» **TASK TO CARRY OUT**
Please return, exactly and only, the lines beginning at the top of the entries below and ending with the line containing "Kestävä PVC-rakenne pitää"; keep out the pictures.
══════════
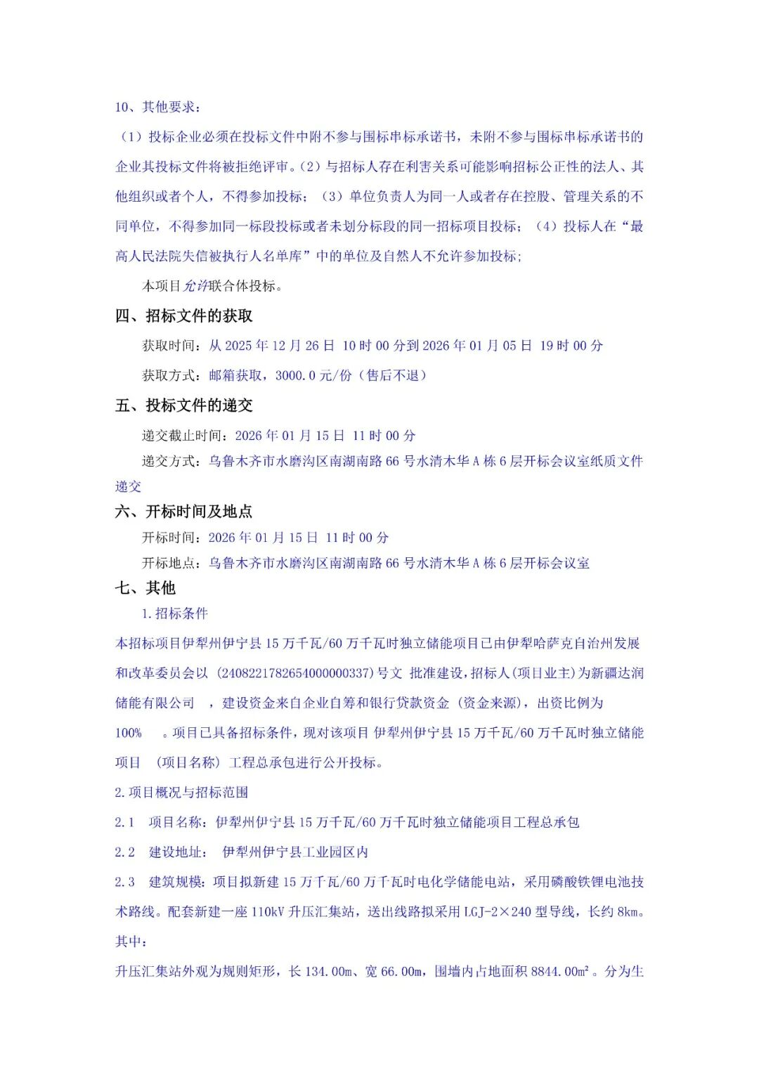 项目招标人为新疆达润储能有限公司,工程投资额约60155.04万元,折合单价1.0026元/Wh。
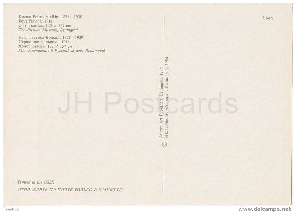 painting by K. Petrov-Vodkin - Boys Playing , 1911 - nude - naked boys - Russian art - 1986 - Russia USSR - unused
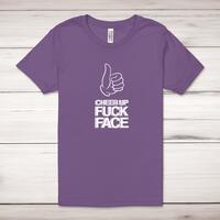 Cheer Up Fuck Face Adult T-ShirtA rude unisex adult t-shirt with 'Cheer Up Fuck Face' printed across the front of a 100% cotton* t-shirt. This rude t-shirt is great as a gift for any occasion.All of our unisex adult t-shirts are designed and hand-printed in the UK and are manufactured from 100% ringspun cotton for a premium quality feel and feature double-stitched waist hem and sleeves, seamless double-needle collar, taped neck and shoulders, and a tubular body that has been quarter turned to avoid a centre crease; available in sizes from Extra Small to 4XL*. *Black & White tees available in sizes XS - 4XL, all other colours available XS - 2XL Size GuideUnisex adult t-shirts are measured across the chest, in inchesXS 30/32'S 34/36'M 38/40'L 42/44'XL 46/48'2XL 50/52'3XL 54/56'4XL 58/60'See more on our clothing size guide (opens in new tab)Please NoteAll of our items are hand-printed to order, as a result, colours may vary between prints - images are for illustration purposes only.Show more products with the Cheer Up Fuck Face design
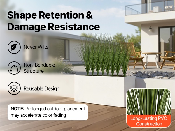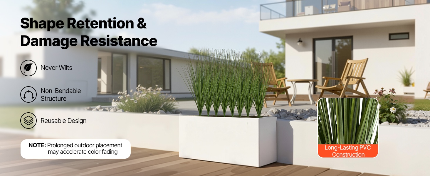 Kestävä PVC-rakenne pitää lehdet ryhdikkäinä ja muotonsa hyvin säilyttävänä. Kasvi ei vaadi kastelua, lannoitusta tai leikkaamista, ja pysyy siistinä ja vihreänä pitkään.
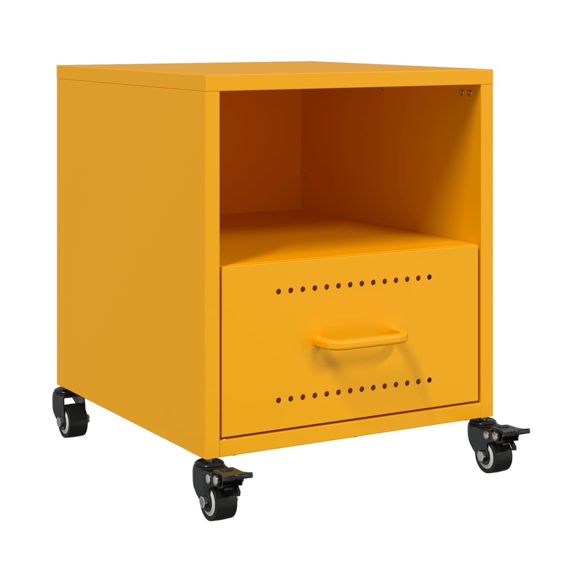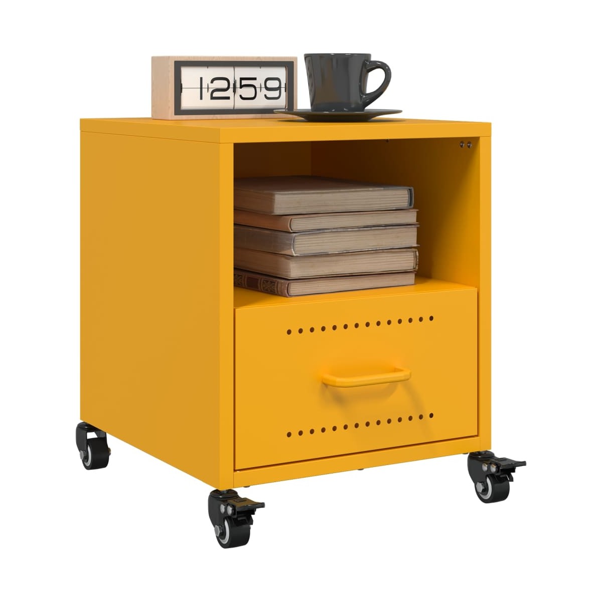 Estas mesitas de noche, con un diseño elegante, son un aporte atemporal para la decoración de tu hogar. Material estable: La estructura de la mesita de noche está hecha de acero laminado en frío. El acero laminado en frío es un tipo de acero con bajo contenido en carbono producido mediante un método de laminación en frío y procesado a temperaturas ambiente cercanas a las normales. El acero laminado en frío tiene una superficie más lisa, mayor resistencia y mayor precisión.Amplio espacio de almacenaje: Este mueble ofrece un práctico espacio de almacenaje para mantener revistas, libros, mandos a distancia y otros objetos pequeños bien organizados y al alcance.Fácil de mantener: La mesa se limpia fácilmente con un paño húmedo y requiere menos mantenimiento.Fácil de mover: Esta mesa auxiliar tiene 4 ruedas, lo que hace que se mueva con flexibilidad y se estacione de manera estable en cualquier momento.Tirador práctico: La mesita de noche viene con un tirador que facilita abrir y cerrar el mueble, además de añadir un toque de belleza.
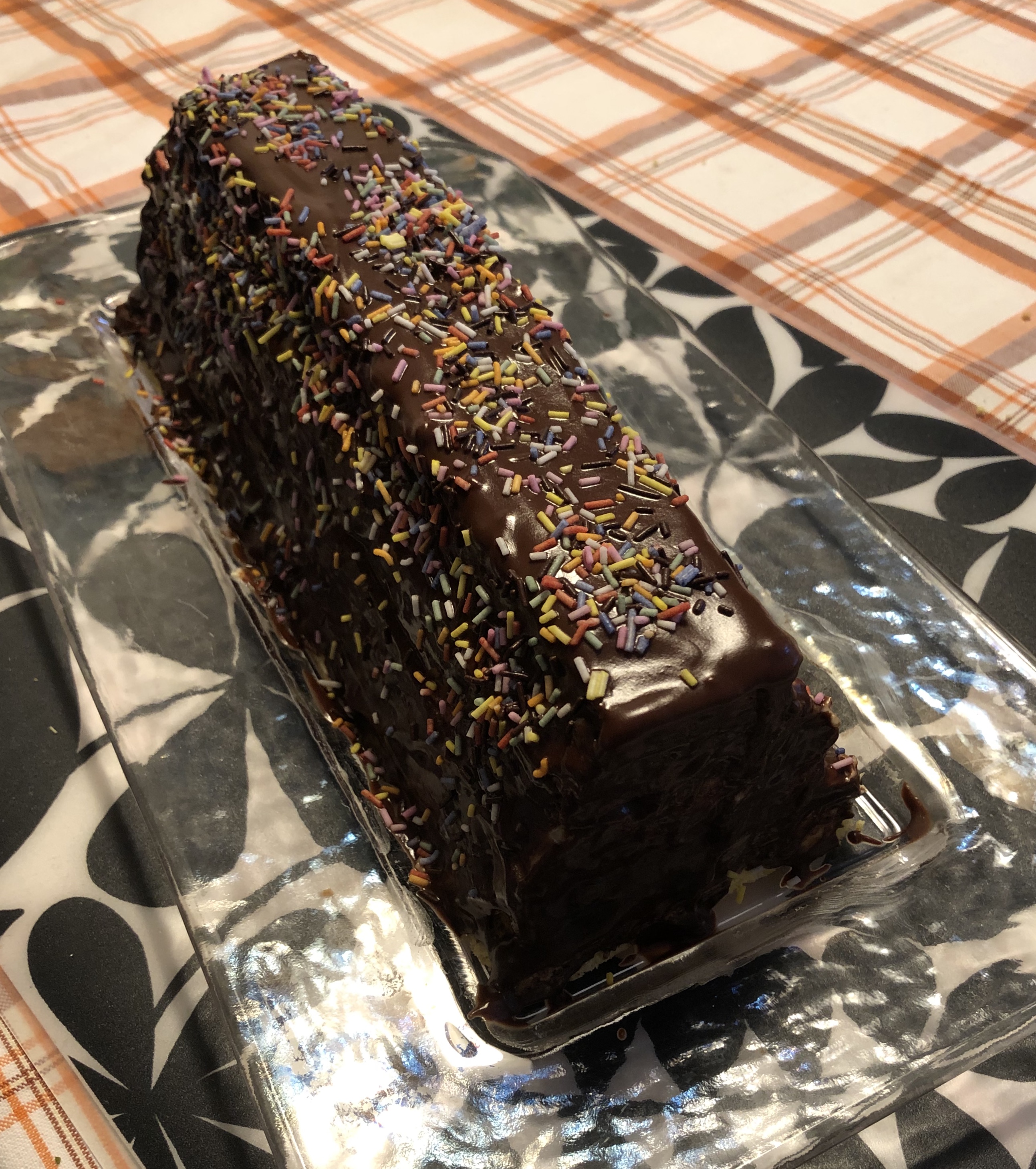 Die halbe Menge reicht für den Cake. 20% weniger Butter (200g statt 250g).
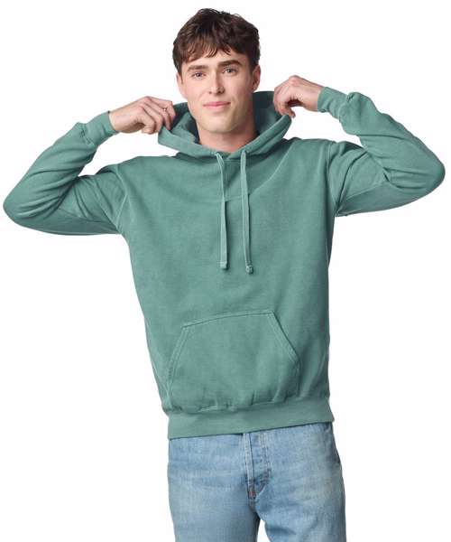 Made with 100% soft ringspun US cotton face for enhanced printing. Jersey-lined hood with colour-matched flat cord. Back neck patch for easy customisation. Rolled-forward shoulder. Pouch pocket. Relaxed fit, side-seamed body. 1x1 rib cuffs and waistband with spandex for enhanced stretch and recovery. Signature twill label and back neck twill tape. Made with OEKO-TEX Standard 100 certified low-impact dyes. Clean pigment dye colours are salt-free.
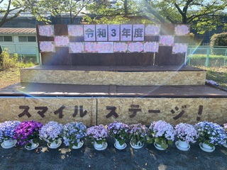 校庭の東側に「IWASE スマイル ステージ」が完成しました。
══════════
» **ANSWER TO THIS EXERCISE**
 项目招标人为新疆达润储能有限公司,工程投资额约60155.04万元,折合单价1.0026元/Wh。
 painting by K. Petrov-Vodkin - Boys Playing , 1911 - nude - naked boys - Russian art - 1986 - Russia USSR - unused
 Cheer Up Fuck Face Adult T-ShirtA rude unisex adult t-shirt with 'Cheer Up Fuck Face' printed across the front of a 100% cotton* t-shirt. This rude t-shirt is great as a gift for any occasion.All of our unisex adult t-shirts are designed and hand-printed in the UK and are manufactured from 100% ringspun cotton for a premium quality feel and feature double-stitched waist hem and sleeves, seamless double-needle collar, taped neck and shoulders, and a tubular body that has been quarter turned to avoid a centre crease; available in sizes from Extra Small to 4XL*. *Black & White tees available in sizes XS - 4XL, all other colours available XS - 2XL Size GuideUnisex adult t-shirts are measured across the chest, in inchesXS 30/32'S 34/36'M 38/40'L 42/44'XL 46/48'2XL 50/52'3XL 54/56'4XL 58/60'See more on our clothing size guide (opens in new tab)Please NoteAll of our items are hand-printed to order, as a result, colours may vary between prints - images are for illustration purposes only.Show more products with the Cheer Up Fuck Face design
 Kestävä PVC-rakenne pitää lehdet ryhdikkäinä ja muotonsa hyvin säilyttävänä. Kasvi ei vaadi kastelua, lannoitusta tai leikkaamista, ja pysyy siistinä ja vihreänä pitkään.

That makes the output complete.